Monday 25 September 2017

Comical birds in carnival masks

Colourful: Puffins can carry up to a dozen fish at a time. Photo: Michael Kelly
Colourful: Puffins can carry up to a dozen fish at a time. Photo: Michael Kelly

Joe Kennedy

Not many people may know that the Shiant Isles (na h-Eileanan Seunta), that lie between Harris and Lewis in the Outer Hebrides, are home to thousands of puffins, those comical-looking seabirds that nest in rabbit burrows.

Few also might not be aware that the mother of US President Donald Trump came from Lewis (five miles from the Shiants) and that she was a Gaelic-speaking girl named McLeod who emigrated, as did many young Irishwomen, in the early 20th century, to work in New York.

The Shiants are privately owned though in centuries past the McLeods of Lewis had a grip on those rocky outposts which were "very profitable for corne, store and fishing", according to Donald Monro, Dean of the Isles, in 1549.
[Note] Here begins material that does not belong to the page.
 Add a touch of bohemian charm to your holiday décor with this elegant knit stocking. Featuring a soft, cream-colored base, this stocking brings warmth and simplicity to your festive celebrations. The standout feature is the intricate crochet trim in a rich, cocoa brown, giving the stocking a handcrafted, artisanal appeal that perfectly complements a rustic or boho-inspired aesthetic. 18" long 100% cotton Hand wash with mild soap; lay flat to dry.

The author Compton Mackenzie once owned them but in 1937 they were bought by Nigel Nicholson (then a student, later writer and politician), whose son, Adam, wrote an entrancing book about the place called Sea Room.

The property has now passed to his son Tom.
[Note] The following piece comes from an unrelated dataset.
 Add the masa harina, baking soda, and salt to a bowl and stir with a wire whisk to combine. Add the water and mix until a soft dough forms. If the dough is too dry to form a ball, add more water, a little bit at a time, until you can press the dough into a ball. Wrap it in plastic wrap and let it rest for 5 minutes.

Apart from the puffins there is the saga of the rats - thousands of black ones (the ship rat, Rattus rattus), which have caused havoc among the birds over the years but now may have been finally eliminated in a million-pound scheme funded by the EU, Scottish Heritage, the RSPB and private donors.

St Kilda, another Scottish isle, may hold the greatest concentration of Atlantic breeding puffins but these colourful creatures may also be found in Irish pockets in Wexford, Cork, Kerry, Mayo, Donegal and Antrim, and in Dublin, according to BirdWatch Ireland, there are some breeding birds on Lambay and Ireland's Eye.

Unmistakable in summer months, the bird's big round head holds its huge triangular bill of red, blue and yellow plates.

It waddles across grassy slopes outside breeding burrows, excavated by those carnival-mask spade beaks and sharp claws - or has purloined the homes of departed (or nearly so) rabbits to lay its single egg.

The puffin is the "little friar" (Fratercula arctica) and its enormous popularity is reflected on book jackets, stamps and product logos. Its collective name is "a circus of puffins". Paired birds clash their bills, waddling comically, chasing one another and tumbling down slopes.

It has a unique fishing system - it can catch and hold fish simultaneously and may be seen arriving with beakfuls of sand-eels and other small fry to hungry youngsters, carrying up to a dozen at a time held crosswise in hinged mandibles.

As each fish is caught it is gripped between tongue and upper mandible, freeing the lower mandible for further catches.

There are also small hooks in the roof of the mouth.

Once the breeding season ends the birds disperse widely, wintering off Newfoundland and Greenland.

Their beaks' bright carapace is shed and the livery changes to darker hues. The orange legs fade to yellow.

As well as making TV documentaries on the Shiants, Adam Nicholson has written a new book called The Seabird's Cry (Harper-Collins).

There's a puffin on the cover, of course.